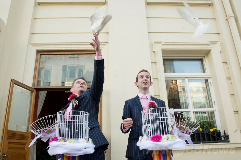 ニュース ライフ 【写真特集】英国で同性婚解禁、幸せカップルが続々挙式 2014年3月31日 19:39 発信地:英国 [ ヨーロッパ 英国 ] このニュースをシェア ‹ › ❮ 16/29 ❯ 英ブライトン(Brighton)で挙式した後に、ハトを空に放つフィル・ロバサン(Phil Robathan)さん(左)とジェームズ・プレストン(James Preston)さん(右、2014年3月29日撮影)。(c)AFP/LEON NEAL 画像作成中 ! 【3月31日 AFP】英国で初めて同性婚が合法化された29日、新法が施行されたイングランド(England)とウェールズ(Wales)の各地では、幸せそうな表情を浮かべた同性カップルが次々と誓いの言葉を交わした。(c)AFP ライフ 一覧へ> メディア・報道関係・法人の方向け 写真・動画 購入のお問合せ>
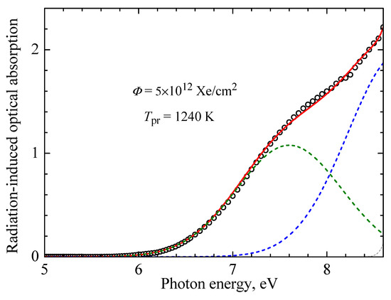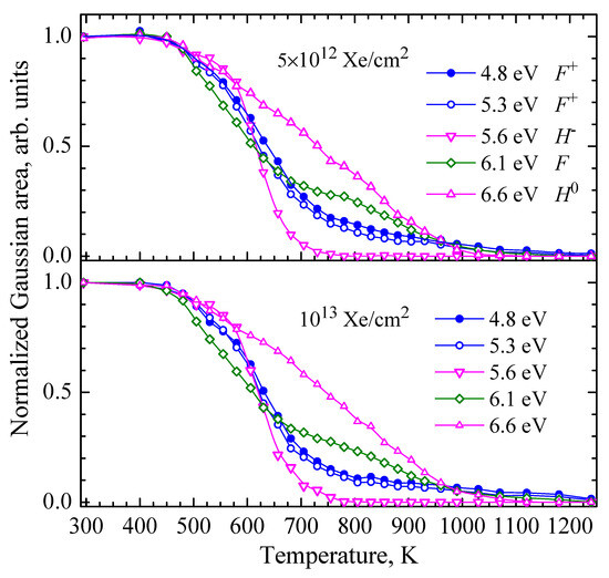 In contrast, the two kinetics of neutral H0 centers present significant challenges. At higher energies (above a certain threshold), experimental measurements of RIOA are not feasible. In the case of ion-irradiation, the influence (overlapping) of the Gaussians of unknown origin peaking above 7 eV (labelled by dashed lines in Figure 1) on the bands of the H0 and even F centers is significant. In a neutron-irradiated corundum, the isolated maximum of the F-absorption is clearly registered at 6.07 eV, and this RIOA band intensity decreases till 7 eV by more than two times [36,37,51,52]. On the other hand, there is no isolated F-band in the RIOA spectra of Xe-irradiated crystals (see Figure 1a,c); a relative contribution of high-energy Gaussians (tentatively connected with more complex structural defects) increases with Tpr (see Figure 1b,d). According to Figure 8, these intense Gaussians are clearly detectable even after Tpr = 1240 K, i.e., total annealing of the Frenkel defects under consideration.
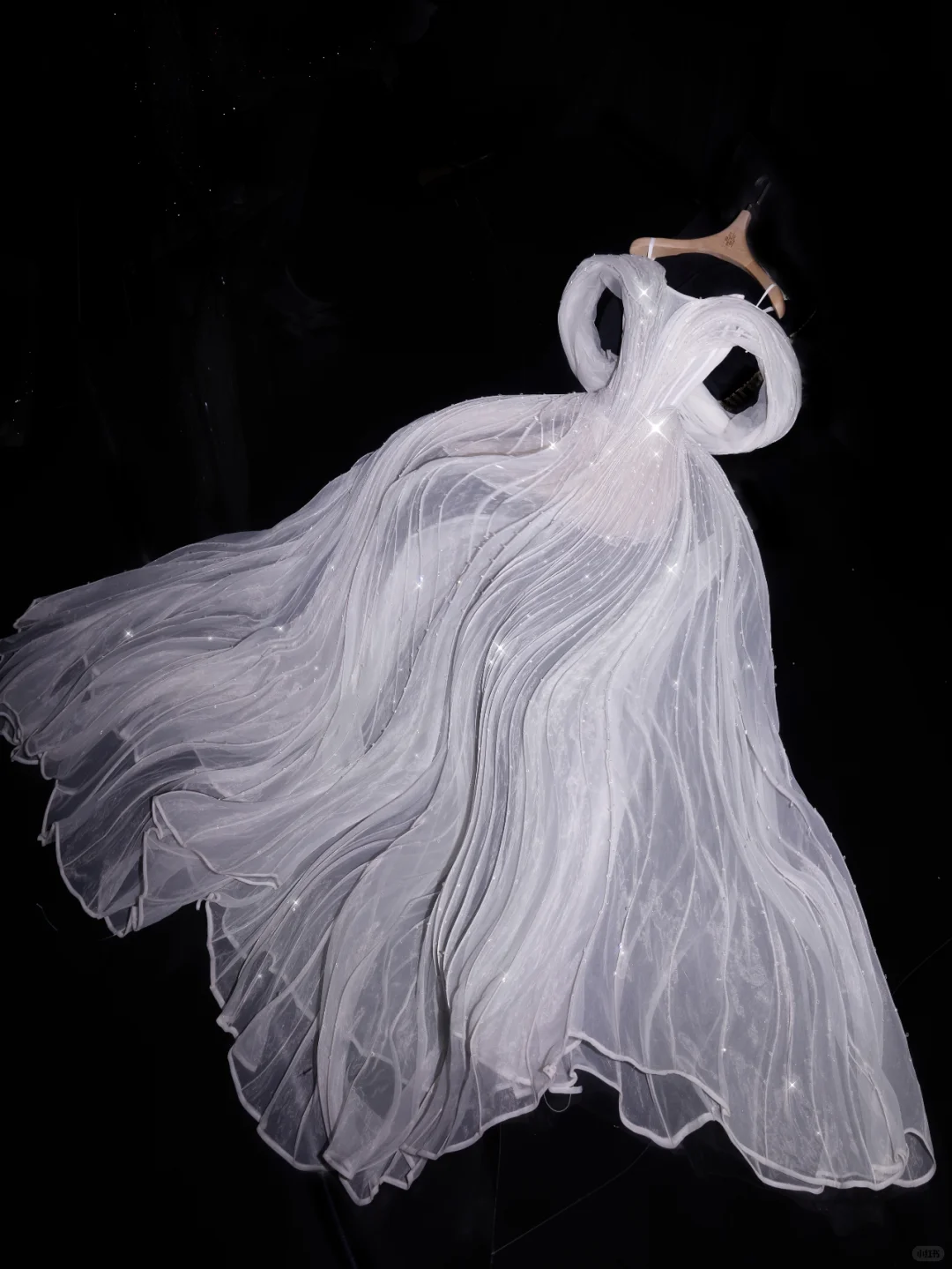 Flowy Gentle A Line Off the Shoulder White Tulle Long Prom Dress Party Dress SH3491
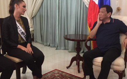 President Rodrigo R. Duterte on Thursday night met Philippine bet Miss Universe 2018 Catriona Gray in a courtesy call three days after she won the coveted title.
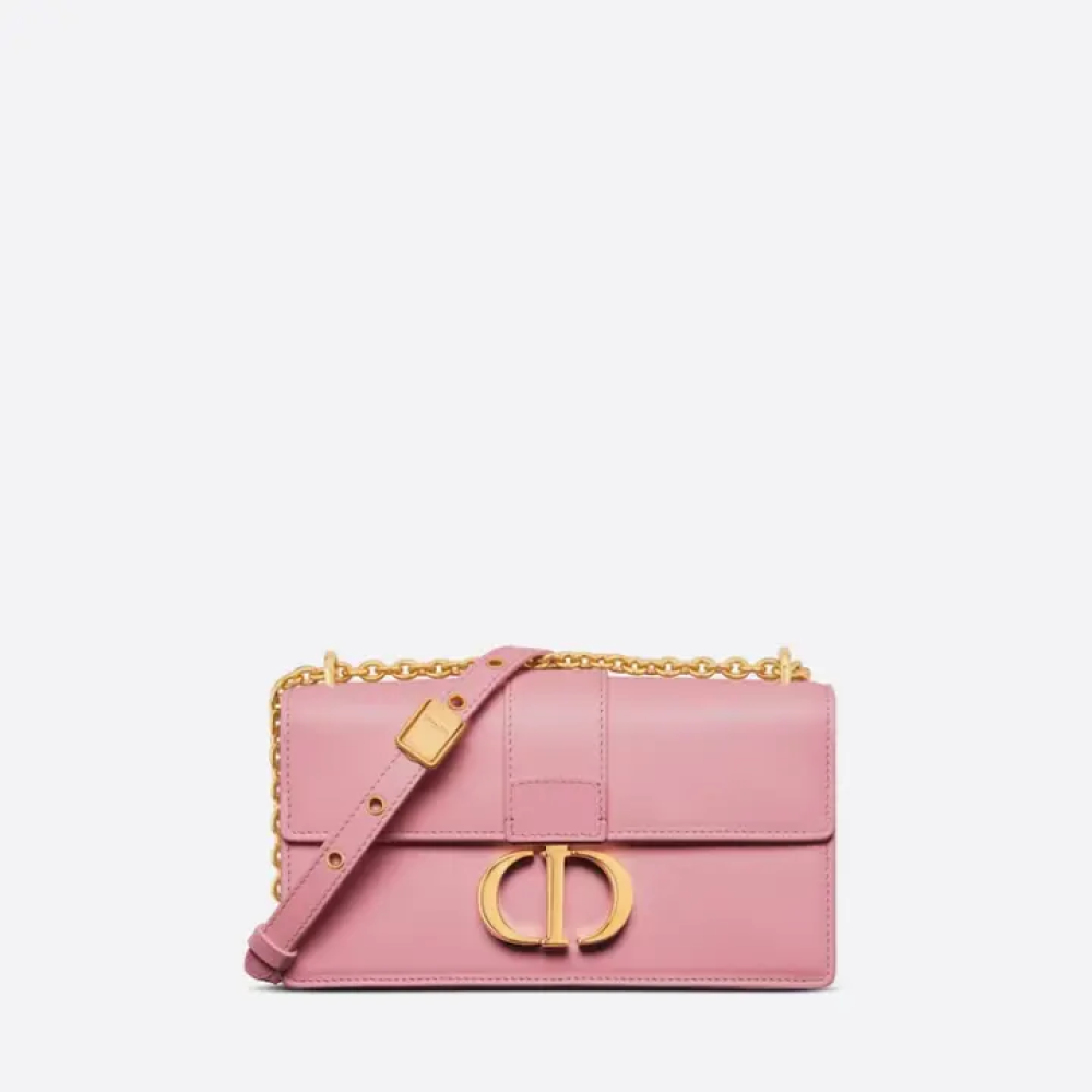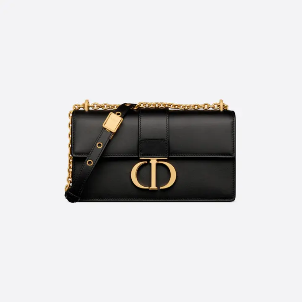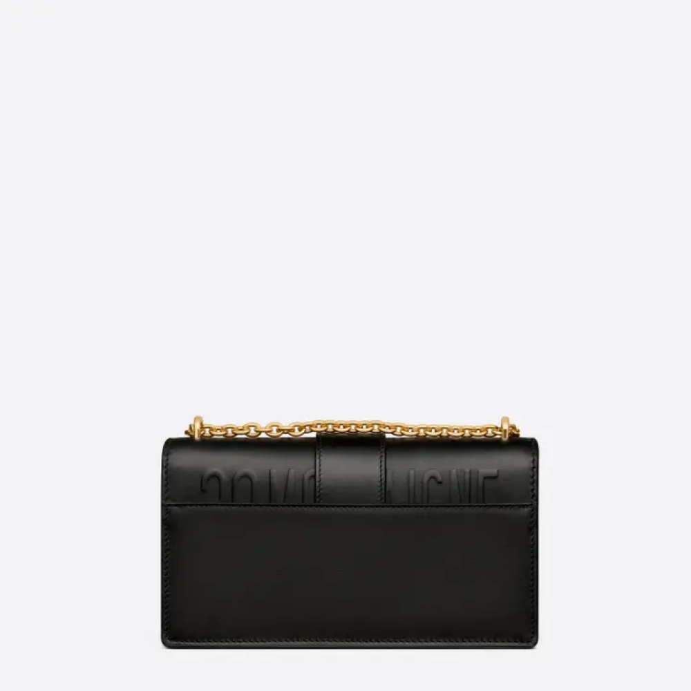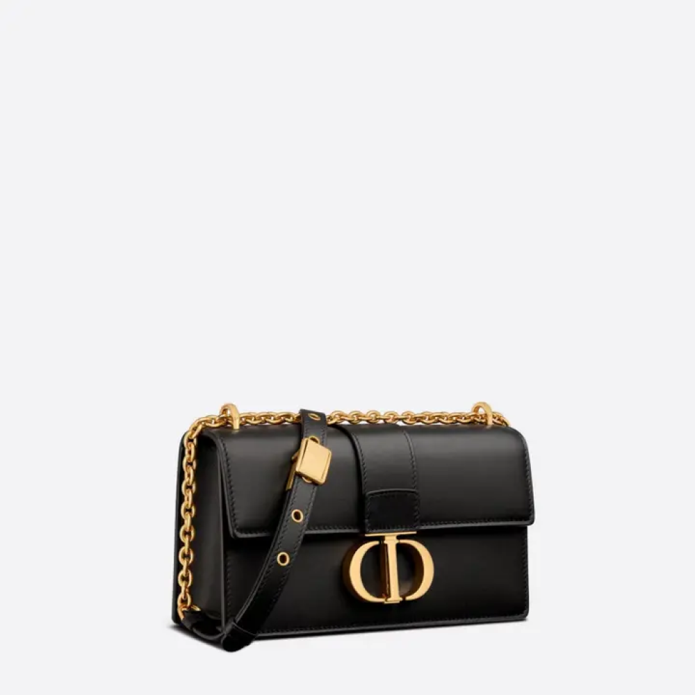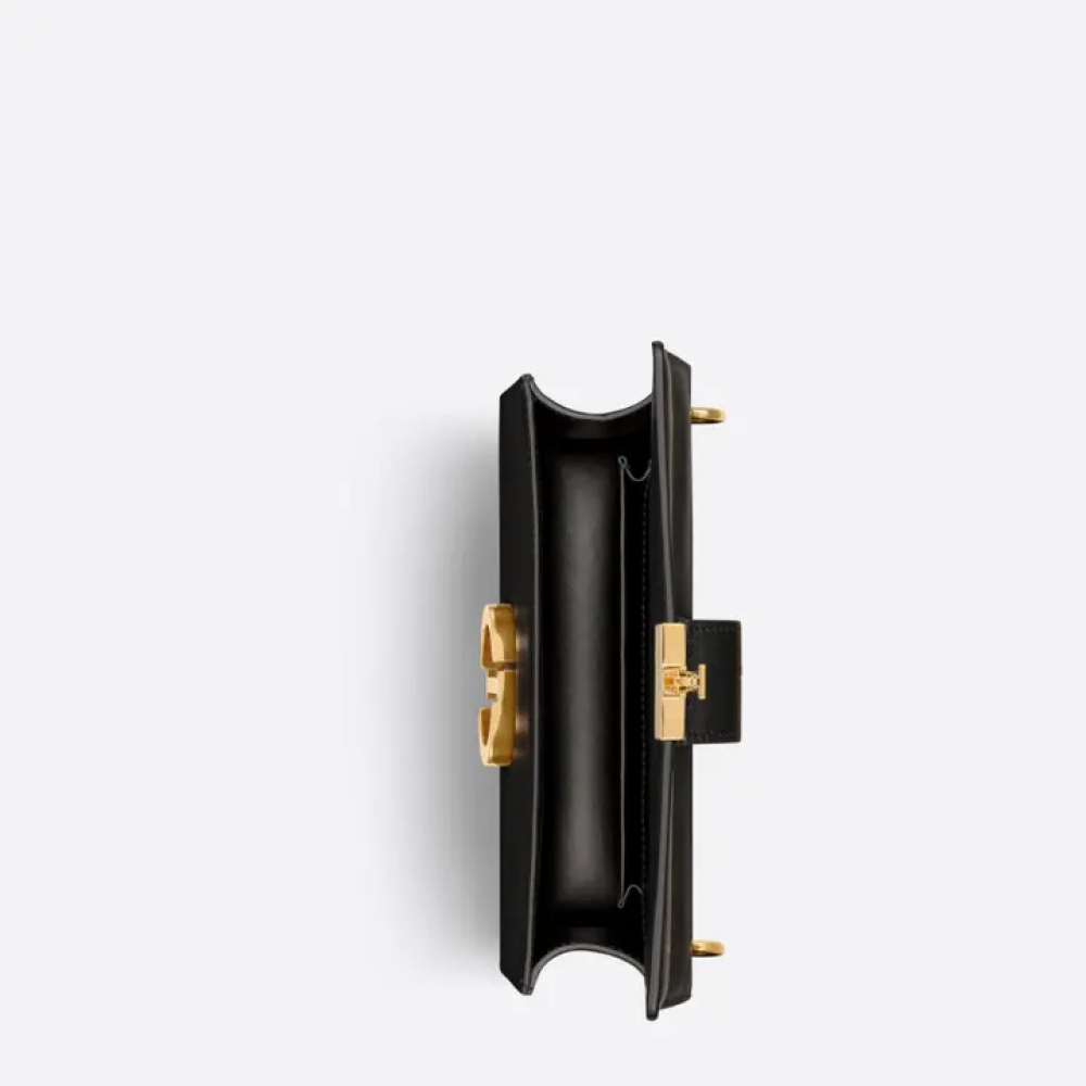 تتميز حقيبة 30 مونتين إيست-ويست تشين المصنوعة من جلد العجل الأسود بتصميم كلاسيكي أنيق يضفي لمسة مميزة على المجموعة. يحتوي غطاء الحقيبة على مشبك معدني بشعار CD مطلي بالذهب العتيق، مستوحى من قفل زجاجة عطر كريستيان ديور. وتُبرز تفاصيل

-*-

_TASK TO COMPLETE_. The data above should be repeated exactly, minus any pictures.

_RESULT FOR THIS TASK_.
 ニュース ライフ 【写真特集】英国で同性婚解禁、幸せカップルが続々挙式 2014年3月31日 19:39 発信地:英国 [ ヨーロッパ 英国 ] このニュースをシェア ‹ › ❮ 16/29 ❯ 英ブライトン(Brighton)で挙式した後に、ハトを空に放つフィル・ロバサン(Phil Robathan)さん(左)とジェームズ・プレストン(James Preston)さん(右、2014年3月29日撮影)。(c)AFP/LEON NEAL 画像作成中 ! 【3月31日 AFP】英国で初めて同性婚が合法化された29日、新法が施行されたイングランド(England)とウェールズ(Wales)の各地では、幸せそうな表情を浮かべた同性カップルが次々と誓いの言葉を交わした。(c)AFP ライフ 一覧へ> メディア・報道関係・法人の方向け 写真・動画 購入のお問合せ>
 In contrast, the two kinetics of neutral H0 centers present significant challenges. At higher energies (above a certain threshold), experimental measurements of RIOA are not feasible. In the case of ion-irradiation, the influence (overlapping) of the Gaussians of unknown origin peaking above 7 eV (labelled by dashed lines in Figure 1) on the bands of the H0 and even F centers is significant. In a neutron-irradiated corundum, the isolated maximum of the F-absorption is clearly registered at 6.07 eV, and this RIOA band intensity decreases till 7 eV by more than two times [36,37,51,52]. On the other hand, there is no isolated F-band in the RIOA spectra of Xe-irradiated crystals (see Figure 1a,c); a relative contribution of high-energy Gaussians (tentatively connected with more complex structural defects) increases with Tpr (see Figure 1b,d). According to Figure 8, these intense Gaussians are clearly detectable even after Tpr = 1240 K, i.e., total annealing of the Frenkel defects under consideration.
 Flowy Gentle A Line Off the Shoulder White Tulle Long Prom Dress Party Dress SH3491
 President Rodrigo R. Duterte on Thursday night met Philippine bet Miss Universe 2018 Catriona Gray in a courtesy call three days after she won the coveted title.
 تتميز حقيبة 30 مونتين إيست-ويست تشين المصنوعة من جلد العجل الأسود بتصميم كلاسيكي أنيق يضفي لمسة مميزة على المجموعة. يحتوي غطاء الحقيبة على مشبك معدني بشعار CD مطلي بالذهب العتيق، مستوحى من قفل زجاجة عطر كريستيان ديور. وتُبرز تفاصيل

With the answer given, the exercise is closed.